Tuesday, November 16, 2021

The Psychedelic Drug LSD on This Day in History

 

Today in History: LSD (Lysergic acid diethylamide) was first synthesized by Albert Hofmann from ergotamine at the Sandoz Laboratories in Basel on this day in 1938. "Hofmann was experimenting with different compounds in search of a cure for migraines. While LSD didn’t provide it, it did capture his attention when some spilled on his hand. Within the hour, he felt dreamy and dizzy. A deliberate experiment with the drug a few days later had him giggling uncontrollably. He needed an assistant to escort him home—a path, he later said, that made him feel as though he were inside a Salvador Dali painting." Mental Floss

LSD does not appear to be addictive, and death as a result of LSD overdose is virtually unknown; on extremely rare occasions, however, death can be the result of accidents or reckless behavior.

As of 2017, about 10 percent of people in the United States have used LSD at some point in their lives, while 0.7 percent have used it in the last year. It was most popular in the 1960s to 1980s. The use of LSD among US adults increased 56.4% from 2015 to 2018. LSD is typically either swallowed or held under the tongue. It is most often sold on blotter paper and less commonly as tablets or in gelatin squares. 

LSD can catalyze intense spiritual experiences and is thus considered an entheogen. Some users have reported out of body experiences. In 1966, Timothy Leary established the League for Spiritual Discovery with LSD as its sacrament. Stanislav Grof has written that religious and mystical experiences observed during LSD sessions appear to be phenomenologically indistinguishable from similar descriptions in the sacred scriptures of the great religions of the world and the texts of ancient civilizations.
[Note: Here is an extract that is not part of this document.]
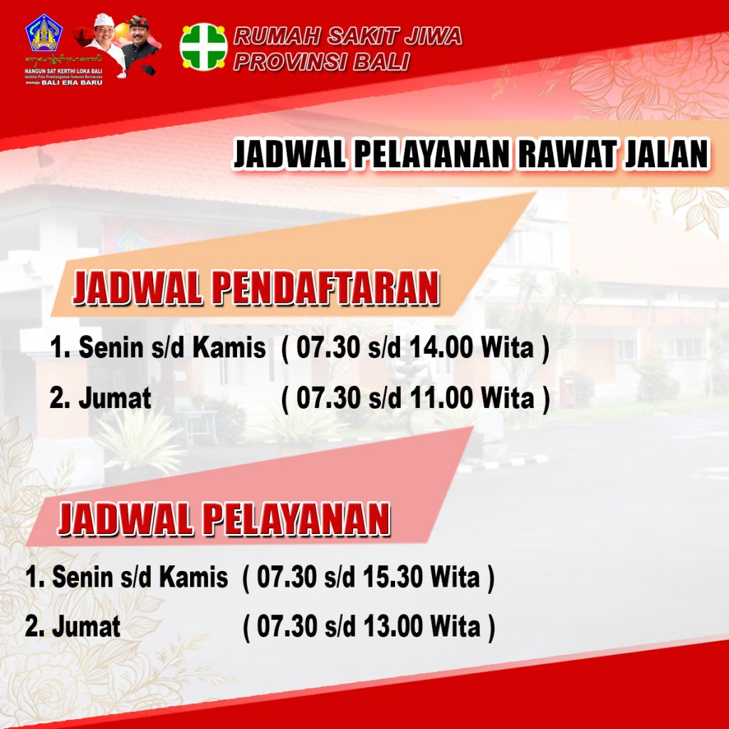 Jadwal Pelayanan Rawat Jalan Rumah Sakit Jiwa Provinsi Bali Posted on 17 Januari 202317 Januari 2023 by Admin RSJ

In the 1950s, the Central Intelligence Agency (CIA) believed that the drug might be useful for mind control, so they tested it on people, some without their knowledge, in a program called MKUltra. LSD was sold as a medication for research purposes under the trade-name Delysid in the 1950s and 1960s. It was listed as a schedule 1 controlled substance by the United Nations in 1971. It currently has no approved medical use. In 2020, it would be decriminalized in the U.S. state of Oregon.
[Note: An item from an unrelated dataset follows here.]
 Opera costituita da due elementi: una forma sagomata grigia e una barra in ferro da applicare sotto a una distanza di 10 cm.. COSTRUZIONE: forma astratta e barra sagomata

The Beatles have denied that their song Lucy in the Sky with Diamonds is a reference to LSD. However, the songs "She Said She Said" and "Tomorrow Never Knows" from the Beatles' Revolver album explicitly reference LSD trips, and many lines of "Tomorrow Never Knows" were borrowed from Timothy Leary's book The Psychedelic Experience. Around the same time, bands such as Pink Floyd, Jefferson Airplane, and The Grateful Dead helped give birth to a genre known as "psychedelic rock" or acid rock. In 1965, The Pretty Things released an album called Get the Picture? which included a track titled "L.S.D."

Former Apple CEO Steve Jobs said, "Taking LSD was a profound experience, one of the most important things in my life" and Kary Mullis credited LSD with helping him develop DNA amplification technology, for which he received the Nobel Prize in Chemistry in 1993.